→ Information shown
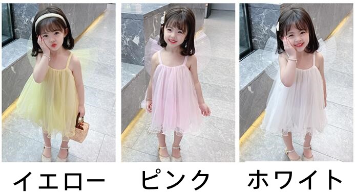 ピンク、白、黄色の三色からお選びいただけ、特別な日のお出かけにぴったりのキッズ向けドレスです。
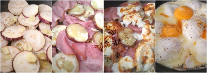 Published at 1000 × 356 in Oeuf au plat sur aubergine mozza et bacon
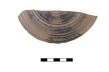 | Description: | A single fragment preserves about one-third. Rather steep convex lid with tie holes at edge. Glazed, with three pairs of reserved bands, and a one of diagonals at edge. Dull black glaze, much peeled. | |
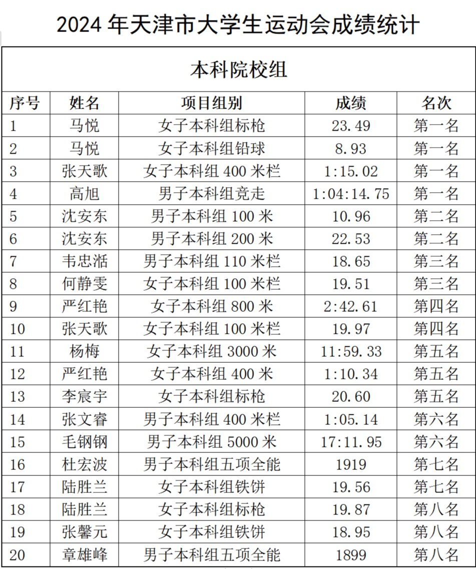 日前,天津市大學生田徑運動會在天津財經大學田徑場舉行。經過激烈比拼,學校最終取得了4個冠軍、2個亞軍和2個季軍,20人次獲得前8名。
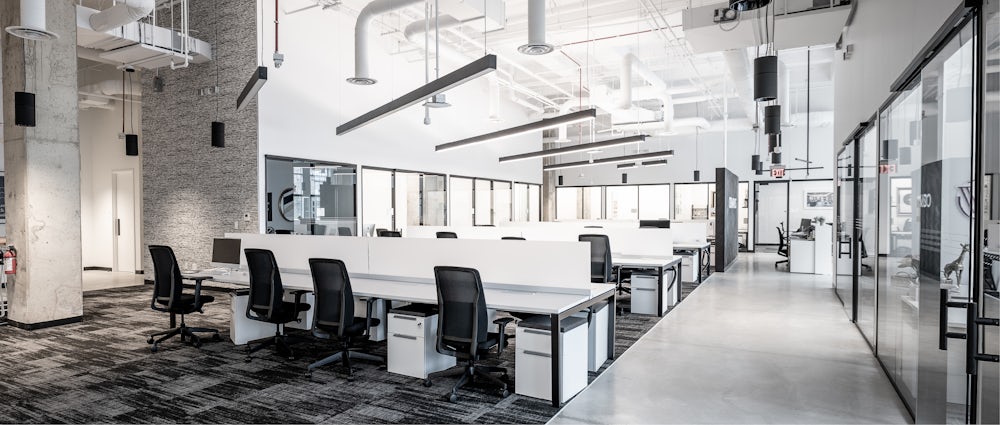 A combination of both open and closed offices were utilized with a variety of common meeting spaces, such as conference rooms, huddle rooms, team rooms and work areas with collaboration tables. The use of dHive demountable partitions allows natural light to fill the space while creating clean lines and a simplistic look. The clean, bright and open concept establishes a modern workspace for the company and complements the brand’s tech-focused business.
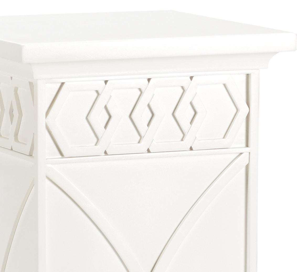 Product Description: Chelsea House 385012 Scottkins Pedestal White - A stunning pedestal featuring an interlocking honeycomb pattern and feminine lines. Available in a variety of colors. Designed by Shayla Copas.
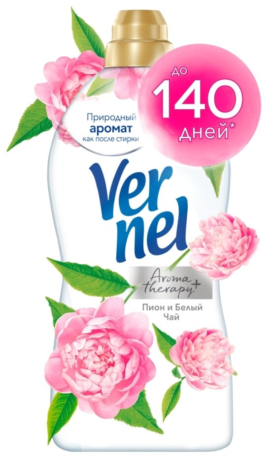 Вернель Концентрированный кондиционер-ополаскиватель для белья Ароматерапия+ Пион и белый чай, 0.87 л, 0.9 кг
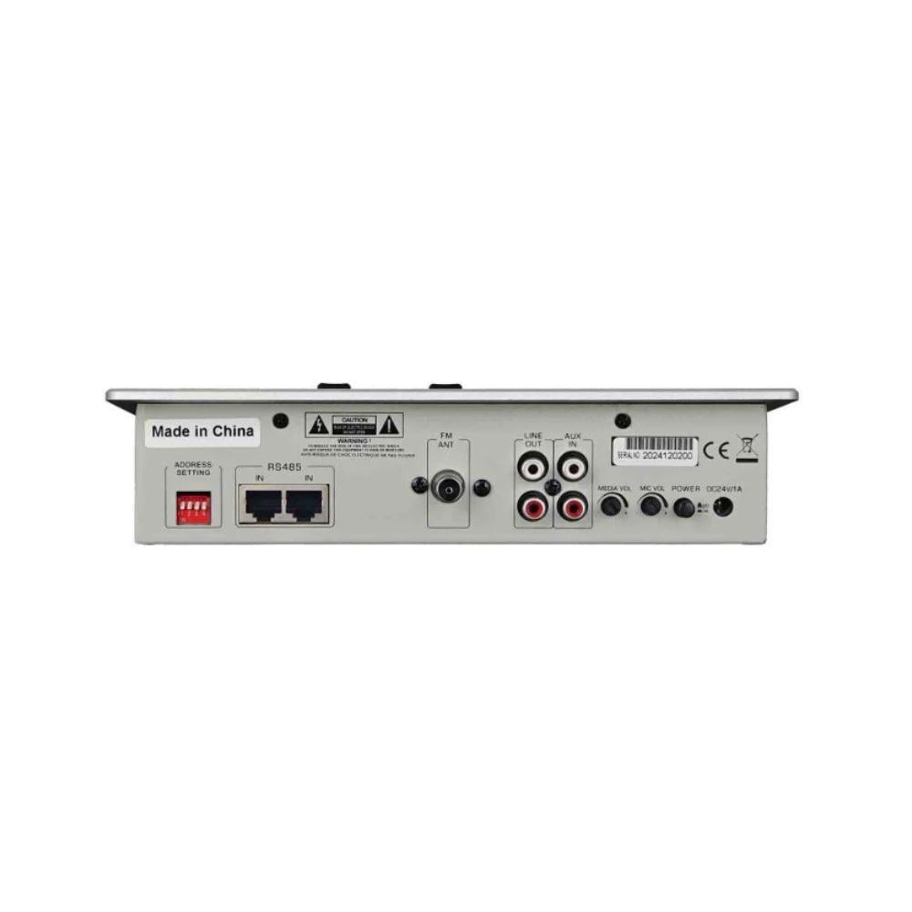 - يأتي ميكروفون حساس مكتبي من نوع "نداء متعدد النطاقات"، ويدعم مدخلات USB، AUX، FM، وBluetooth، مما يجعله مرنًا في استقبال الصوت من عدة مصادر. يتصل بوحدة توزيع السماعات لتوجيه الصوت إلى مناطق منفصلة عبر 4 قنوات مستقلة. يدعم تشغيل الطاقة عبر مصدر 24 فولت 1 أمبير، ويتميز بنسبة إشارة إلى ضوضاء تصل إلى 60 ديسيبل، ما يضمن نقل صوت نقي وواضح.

...

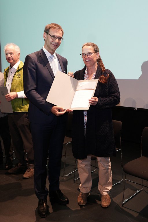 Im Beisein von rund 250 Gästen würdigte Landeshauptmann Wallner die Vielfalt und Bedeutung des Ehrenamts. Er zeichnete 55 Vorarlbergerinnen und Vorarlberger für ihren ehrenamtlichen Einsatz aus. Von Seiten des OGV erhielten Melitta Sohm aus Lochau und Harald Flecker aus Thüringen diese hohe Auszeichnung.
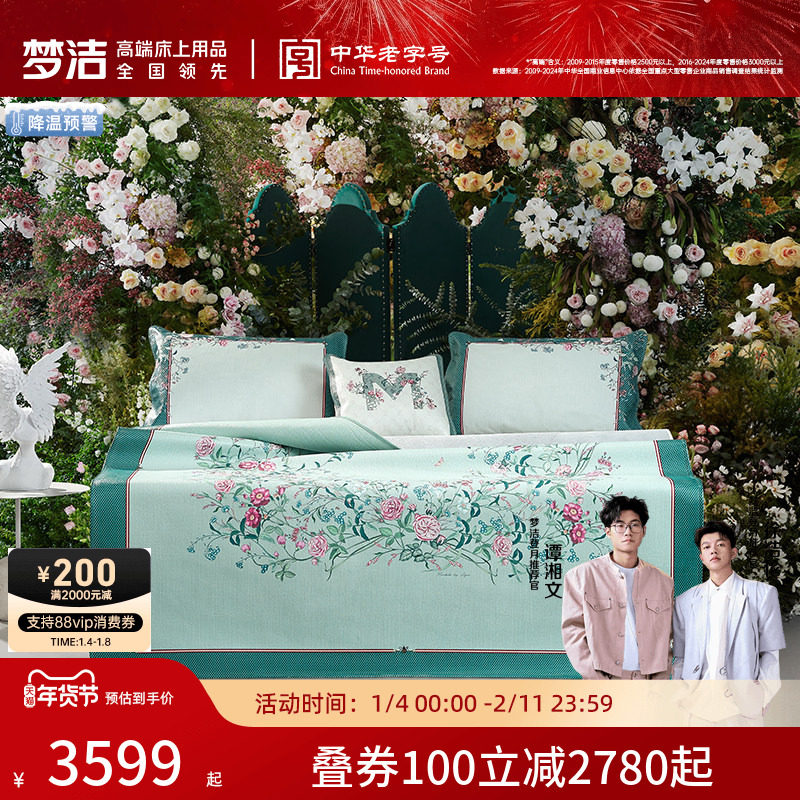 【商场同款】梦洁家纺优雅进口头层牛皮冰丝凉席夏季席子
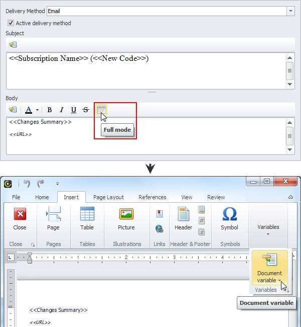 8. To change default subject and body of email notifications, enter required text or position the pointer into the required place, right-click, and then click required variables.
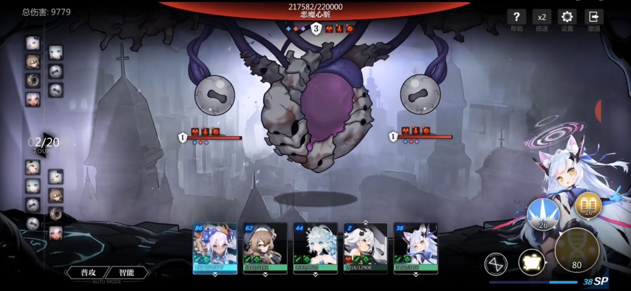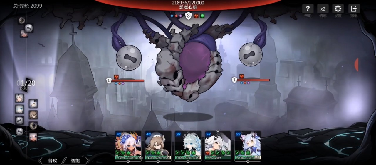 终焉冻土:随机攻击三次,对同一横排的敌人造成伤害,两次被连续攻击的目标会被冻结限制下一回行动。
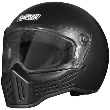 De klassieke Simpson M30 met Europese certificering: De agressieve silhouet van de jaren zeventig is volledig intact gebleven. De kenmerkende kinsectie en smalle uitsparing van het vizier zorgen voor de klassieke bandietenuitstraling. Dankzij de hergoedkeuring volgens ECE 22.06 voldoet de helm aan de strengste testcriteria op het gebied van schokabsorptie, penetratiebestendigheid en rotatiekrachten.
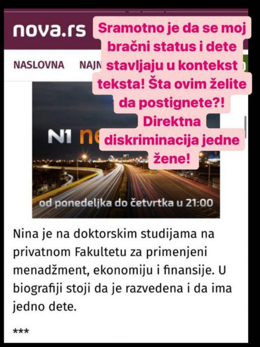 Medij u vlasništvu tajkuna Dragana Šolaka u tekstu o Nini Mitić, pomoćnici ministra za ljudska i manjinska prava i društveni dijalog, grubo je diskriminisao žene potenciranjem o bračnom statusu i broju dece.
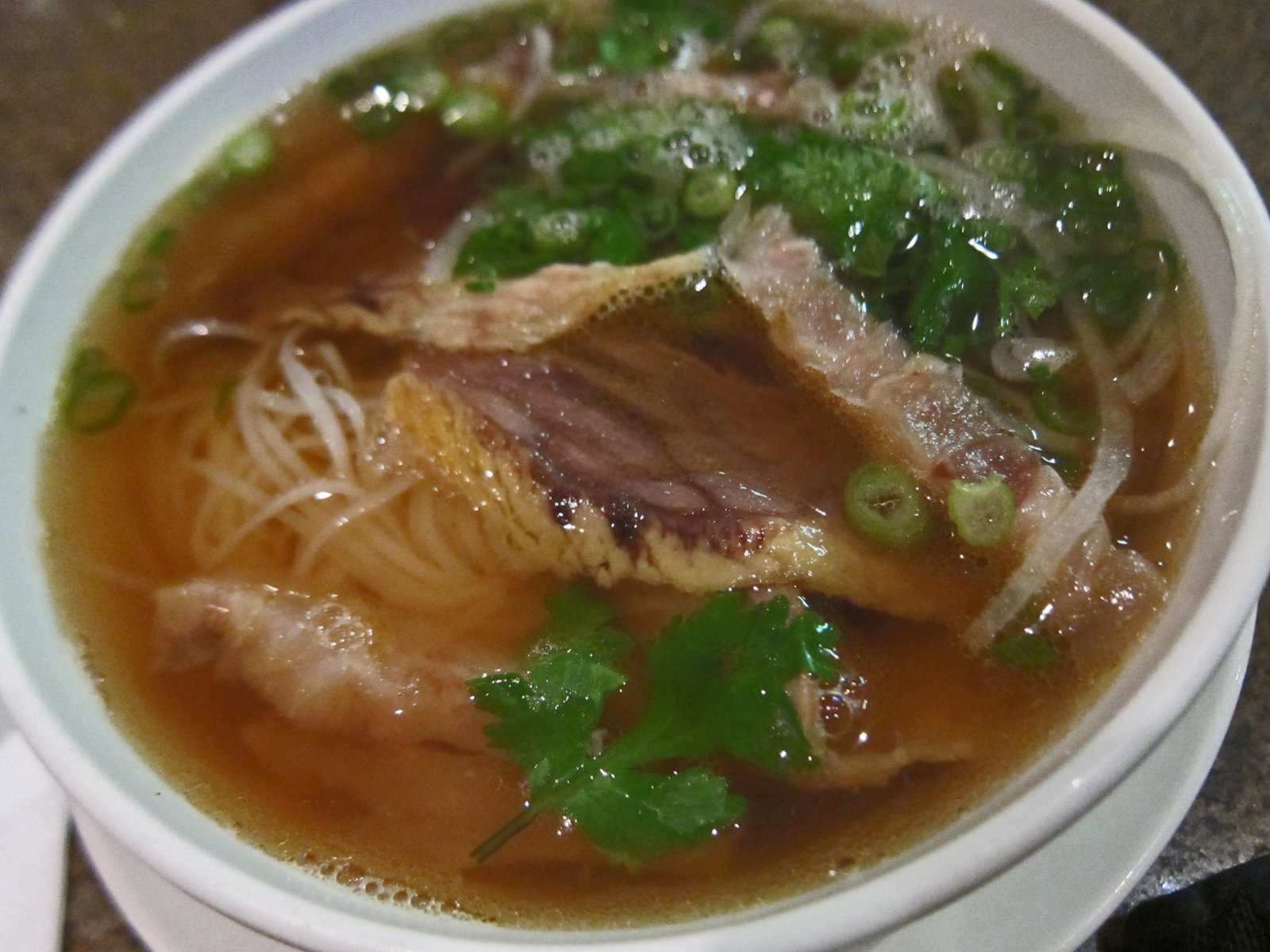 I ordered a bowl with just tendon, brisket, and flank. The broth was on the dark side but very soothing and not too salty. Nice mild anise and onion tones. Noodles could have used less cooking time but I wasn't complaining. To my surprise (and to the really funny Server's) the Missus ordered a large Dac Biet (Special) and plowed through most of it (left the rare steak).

→ Goal of the exercise
In the listing above, find the line containing "ピンク、白、黄色の三色からお" and the line containing "- يأتي ميكروفون"; print those lines and every line between them exactly, leaving out pictures.

→ Result of this task
 ピンク、白、黄色の三色からお選びいただけ、特別な日のお出かけにぴったりのキッズ向けドレスです。
 Published at 1000 × 356 in Oeuf au plat sur aubergine mozza et bacon
 | Description: | A single fragment preserves about one-third. Rather steep convex lid with tie holes at edge. Glazed, with three pairs of reserved bands, and a one of diagonals at edge. Dull black glaze, much peeled. | |
 日前,天津市大學生田徑運動會在天津財經大學田徑場舉行。經過激烈比拼,學校最終取得了4個冠軍、2個亞軍和2個季軍,20人次獲得前8名。
 A combination of both open and closed offices were utilized with a variety of common meeting spaces, such as conference rooms, huddle rooms, team rooms and work areas with collaboration tables. The use of dHive demountable partitions allows natural light to fill the space while creating clean lines and a simplistic look. The clean, bright and open concept establishes a modern workspace for the company and complements the brand’s tech-focused business.
 Product Description: Chelsea House 385012 Scottkins Pedestal White - A stunning pedestal featuring an interlocking honeycomb pattern and feminine lines. Available in a variety of colors. Designed by Shayla Copas.
 Вернель Концентрированный кондиционер-ополаскиватель для белья Ароматерапия+ Пион и белый чай, 0.87 л, 0.9 кг
 - يأتي ميكروفون حساس مكتبي من نوع "نداء متعدد النطاقات"، ويدعم مدخلات USB، AUX، FM، وBluetooth، مما يجعله مرنًا في استقبال الصوت من عدة مصادر. يتصل بوحدة توزيع السماعات لتوجيه الصوت إلى مناطق منفصلة عبر 4 قنوات مستقلة. يدعم تشغيل الطاقة عبر مصدر 24 فولت 1 أمبير، ويتميز بنسبة إشارة إلى ضوضاء تصل إلى 60 ديسيبل، ما يضمن نقل صوت نقي وواضح.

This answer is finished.